The range runs from the line containing "Bath, shower. W.C., W.H.B." to the last line of the entries. Copy that range exactly, omitting pictures.
BEGIN Material supplied
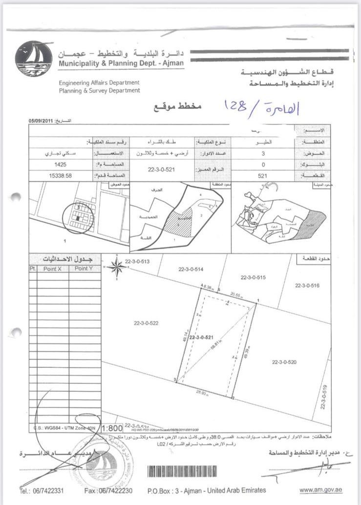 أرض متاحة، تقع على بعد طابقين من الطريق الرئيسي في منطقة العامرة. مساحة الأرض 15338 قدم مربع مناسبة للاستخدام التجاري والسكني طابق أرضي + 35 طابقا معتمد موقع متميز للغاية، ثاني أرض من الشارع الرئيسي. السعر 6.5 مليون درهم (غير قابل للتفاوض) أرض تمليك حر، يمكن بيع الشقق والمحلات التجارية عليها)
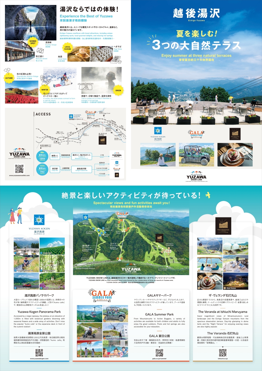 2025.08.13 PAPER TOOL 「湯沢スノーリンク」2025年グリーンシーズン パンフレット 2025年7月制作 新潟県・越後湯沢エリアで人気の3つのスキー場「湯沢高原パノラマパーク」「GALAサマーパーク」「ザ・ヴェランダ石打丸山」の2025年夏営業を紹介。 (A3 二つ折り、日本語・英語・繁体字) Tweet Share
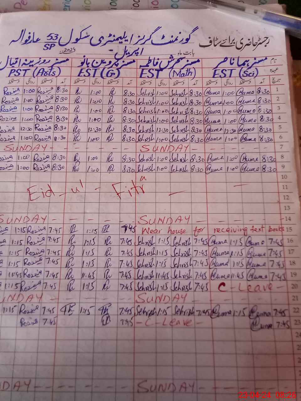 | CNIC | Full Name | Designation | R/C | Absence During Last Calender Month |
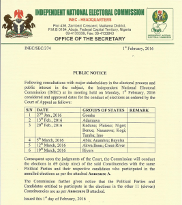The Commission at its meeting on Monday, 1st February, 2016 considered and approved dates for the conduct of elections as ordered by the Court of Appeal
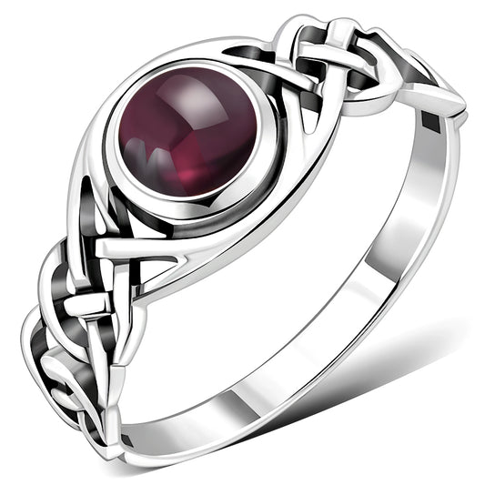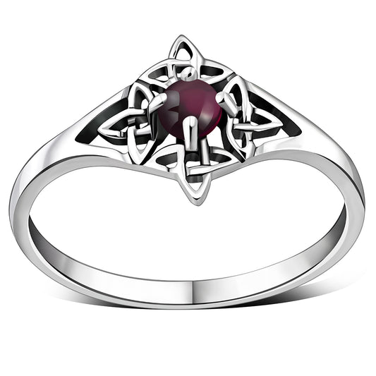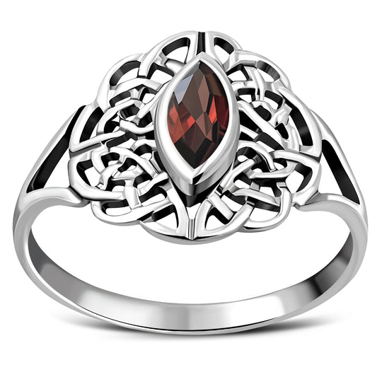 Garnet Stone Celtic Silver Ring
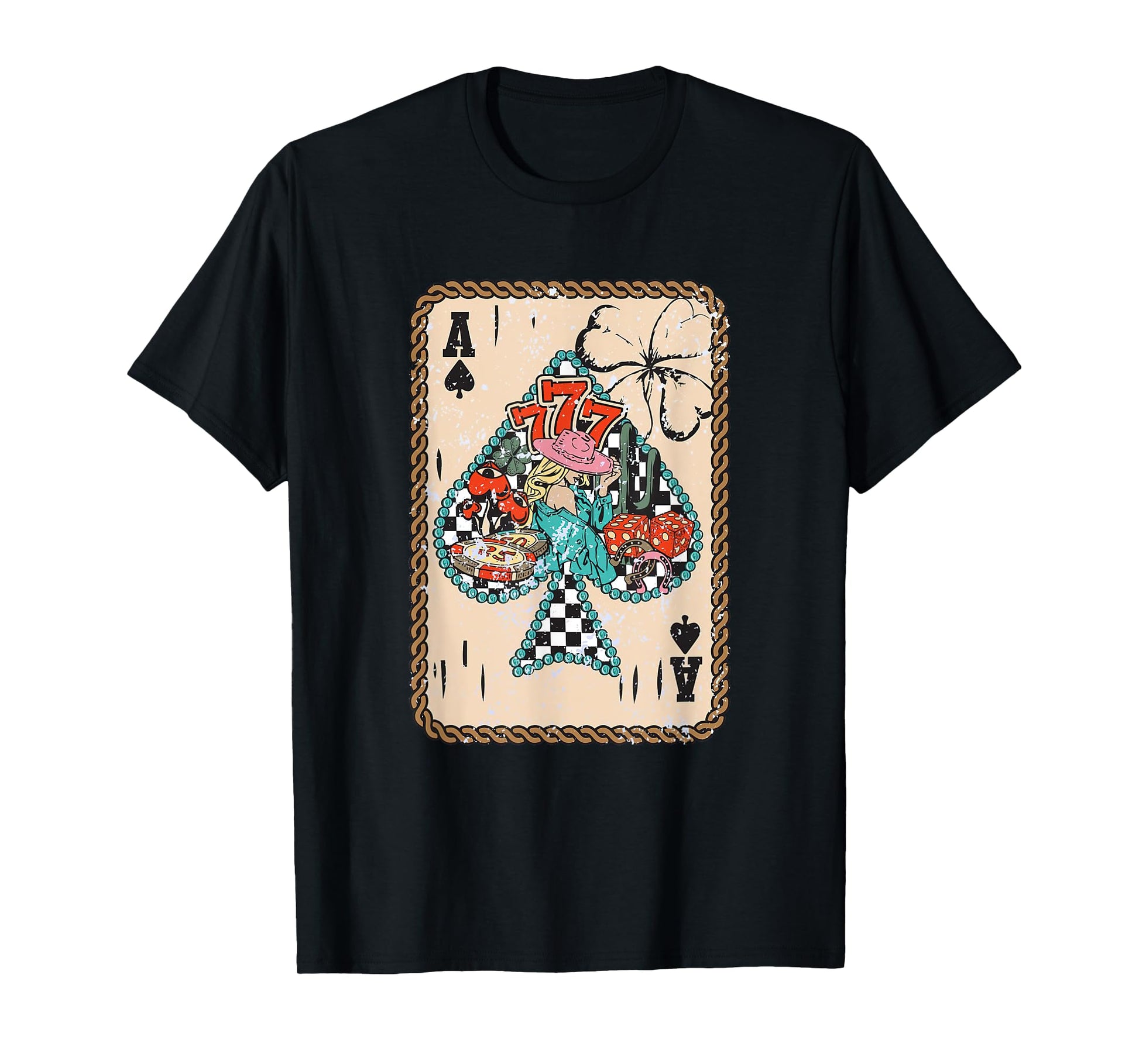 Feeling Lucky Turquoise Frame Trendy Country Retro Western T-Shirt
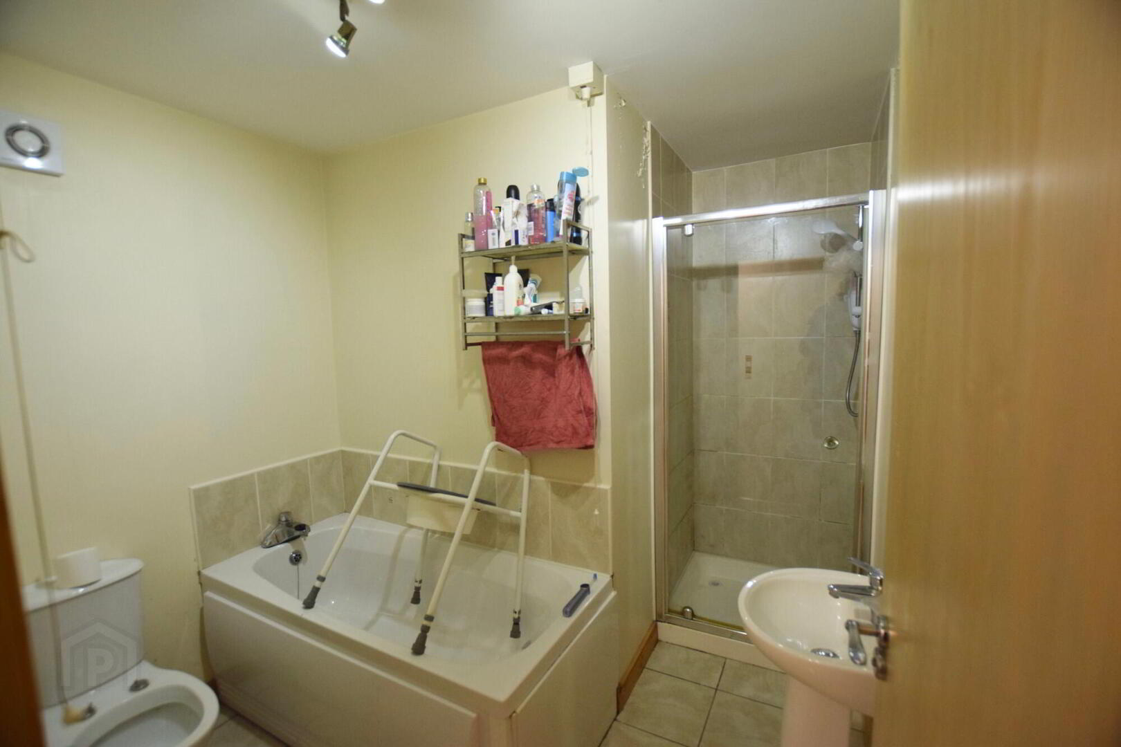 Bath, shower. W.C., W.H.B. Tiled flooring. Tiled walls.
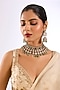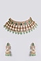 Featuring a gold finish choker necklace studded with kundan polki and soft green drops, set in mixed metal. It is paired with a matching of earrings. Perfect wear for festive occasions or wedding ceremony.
END Material supplied
_Answer box_
 Bath, shower. W.C., W.H.B. Tiled flooring. Tiled walls.
 Featuring a gold finish choker necklace studded with kundan polki and soft green drops, set in mixed metal. It is paired with a matching of earrings. Perfect wear for festive occasions or wedding ceremony.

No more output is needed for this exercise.